Collected material:
━━━━━━━━━━━━━━━━━━━━━━━━━━━━━━

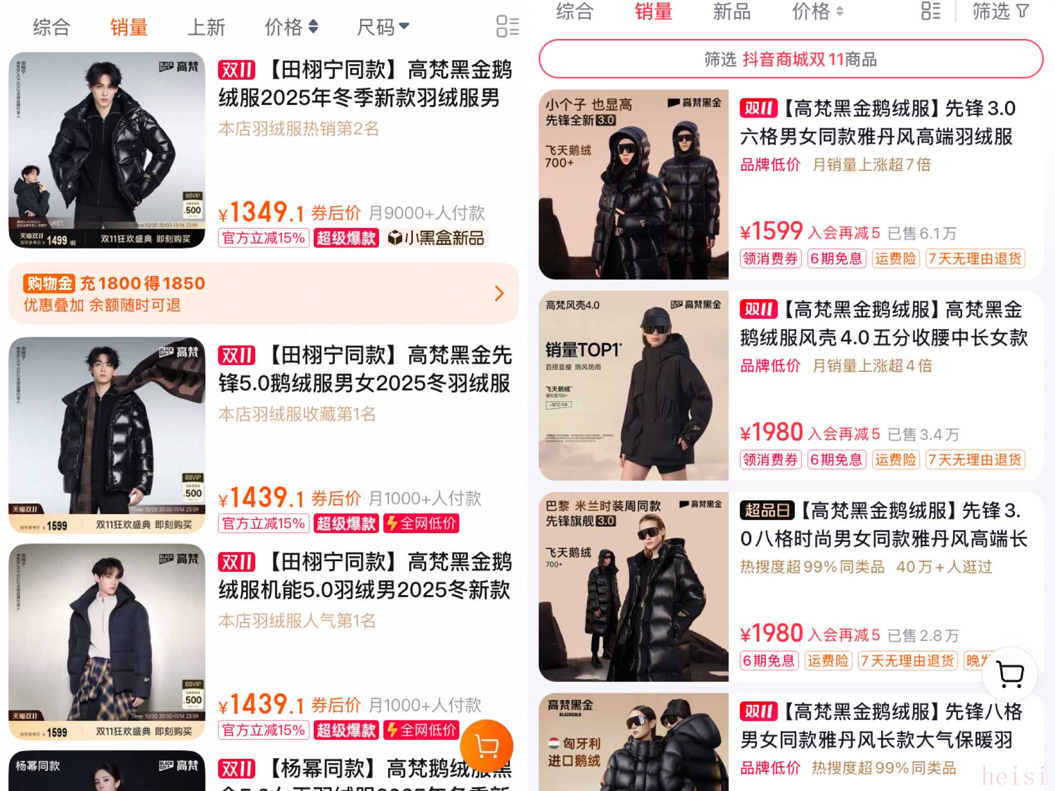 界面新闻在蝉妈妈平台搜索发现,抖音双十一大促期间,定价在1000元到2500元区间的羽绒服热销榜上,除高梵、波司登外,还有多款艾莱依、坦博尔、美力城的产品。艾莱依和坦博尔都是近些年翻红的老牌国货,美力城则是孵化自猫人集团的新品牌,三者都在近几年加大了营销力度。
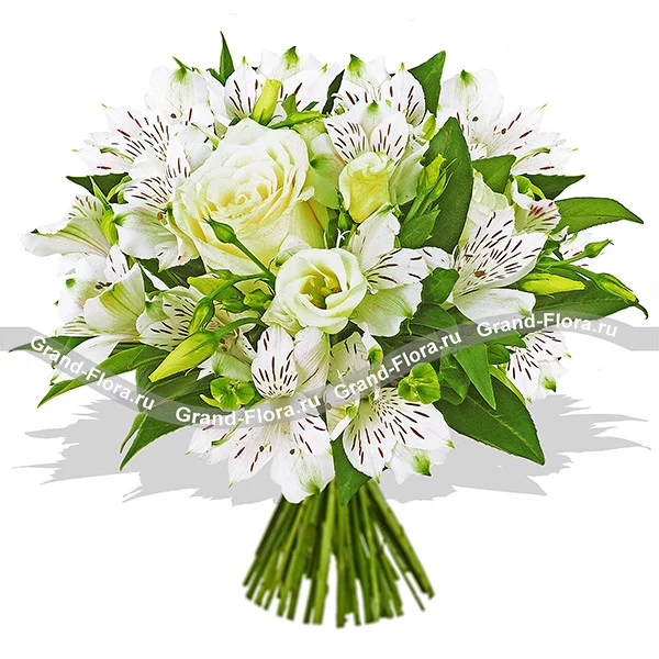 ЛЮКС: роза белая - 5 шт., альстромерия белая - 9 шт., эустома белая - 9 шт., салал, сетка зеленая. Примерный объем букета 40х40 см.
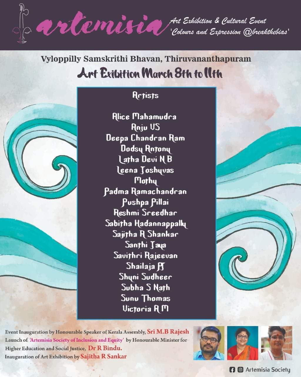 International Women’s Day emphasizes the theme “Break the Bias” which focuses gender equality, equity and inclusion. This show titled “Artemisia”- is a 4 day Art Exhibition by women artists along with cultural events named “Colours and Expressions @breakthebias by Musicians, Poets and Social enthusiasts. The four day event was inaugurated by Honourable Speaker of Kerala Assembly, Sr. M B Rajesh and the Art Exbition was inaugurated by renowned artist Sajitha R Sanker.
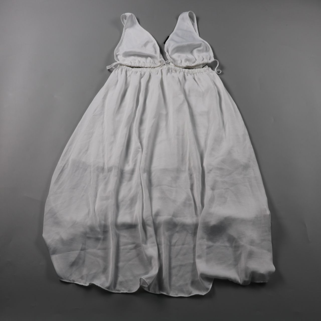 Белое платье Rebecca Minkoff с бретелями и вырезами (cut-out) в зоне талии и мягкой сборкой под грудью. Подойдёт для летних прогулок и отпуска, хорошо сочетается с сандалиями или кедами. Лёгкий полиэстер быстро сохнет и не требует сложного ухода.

━━━━━━━━━━━━━━━━━━━━━━━━━━━━━━

Aim of the task: Reproduce the entire listing exactly, except for any pictures it contains.

Result below:
 界面新闻在蝉妈妈平台搜索发现,抖音双十一大促期间,定价在1000元到2500元区间的羽绒服热销榜上,除高梵、波司登外,还有多款艾莱依、坦博尔、美力城的产品。艾莱依和坦博尔都是近些年翻红的老牌国货,美力城则是孵化自猫人集团的新品牌,三者都在近几年加大了营销力度。
 ЛЮКС: роза белая - 5 шт., альстромерия белая - 9 шт., эустома белая - 9 шт., салал, сетка зеленая. Примерный объем букета 40х40 см.
 International Women’s Day emphasizes the theme “Break the Bias” which focuses gender equality, equity and inclusion. This show titled “Artemisia”- is a 4 day Art Exhibition by women artists along with cultural events named “Colours and Expressions @breakthebias by Musicians, Poets and Social enthusiasts. The four day event was inaugurated by Honourable Speaker of Kerala Assembly, Sr. M B Rajesh and the Art Exbition was inaugurated by renowned artist Sajitha R Sanker.
 Белое платье Rebecca Minkoff с бретелями и вырезами (cut-out) в зоне талии и мягкой сборкой под грудью. Подойдёт для летних прогулок и отпуска, хорошо сочетается с сандалиями или кедами. Лёгкий полиэстер быстро сохнет и не требует сложного ухода.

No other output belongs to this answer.